We walk past her statue, work in her hospital, and invoke her name often. But how many of us know who Kasturba really was before she became Gandhi’s Ba?
Ask anyone in Sevagram today, and chances are—not one person might recall who she is. Or who she was.
Until you pause and whisper her name. Kasturba. Kasturba Gandhi. Kasturba Hospital.
Yes—Kasturba was born Kastur, daughter of Vrajkunwer and Gokuldas Kapadiya. Born into comfort and privilege, she was a fair, bright child—six months older than Mohandas Karamchand Gandhi, who would become her husband when she was just fourteen.
Her name, Kastur, comes from musk—that mysterious, alluring scent drawn from the navel of the male musk deer. A fragrance rare, deep, and enduring.
How fitting, then, that a hospital carrying her name would one day spread its own fragrance—of healing, compassion, and service.
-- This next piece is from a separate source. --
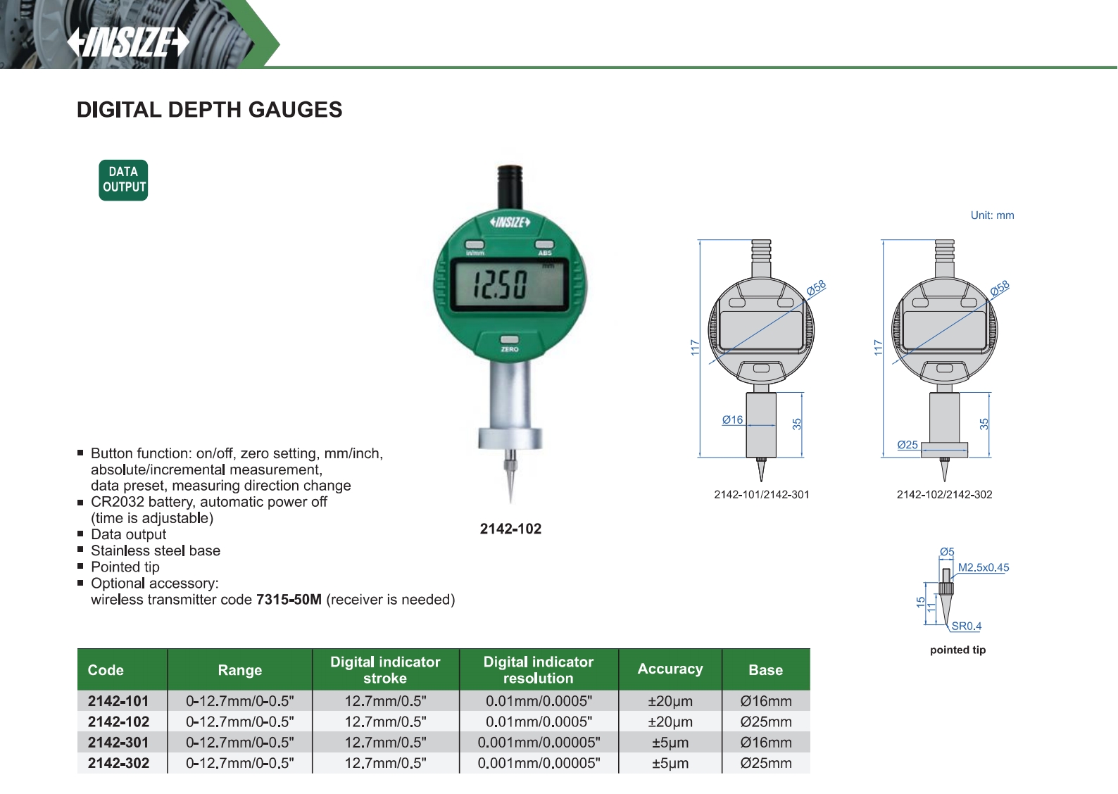 2142-302 0-12.7mm/0-0.5" ±5µm 0.001mm/0.00005" with data interface

What began in the 1940s as a small hospital in Sevagram, serving the poor and the sick, grew—within twenty-five years—into MGIMS, a teaching institution that drew young minds from across the country. Here, they learned medicine not merely from books, but from patients, from simplicity, from empathy.
And true to its name, Kasturba Hospital filled the Sevagram air with its own scent—of care that healed, of knowledge that inspired, of ideals that endured. The fragrance travelled far, through the thousands of doctors it nurtured—each carrying a bit of Sevagram’s soul wherever they went.
Kasturba died in Yerwada Jail in 1944, of pneumonia—denied penicillin that might have saved her life. Yet, if she could see Sevagram today, she might smile to know that the hospital named after her lives, breathes, and heals. That it took root, blossomed, bore fruit—and still carries her fragrance.
How many of us, I wonder, ever paused to think that Kasturba was once Kastur Kapadiya?
That the story of Sevagram’s hospital began not just with Gandhi, but with her name—and her fragrance.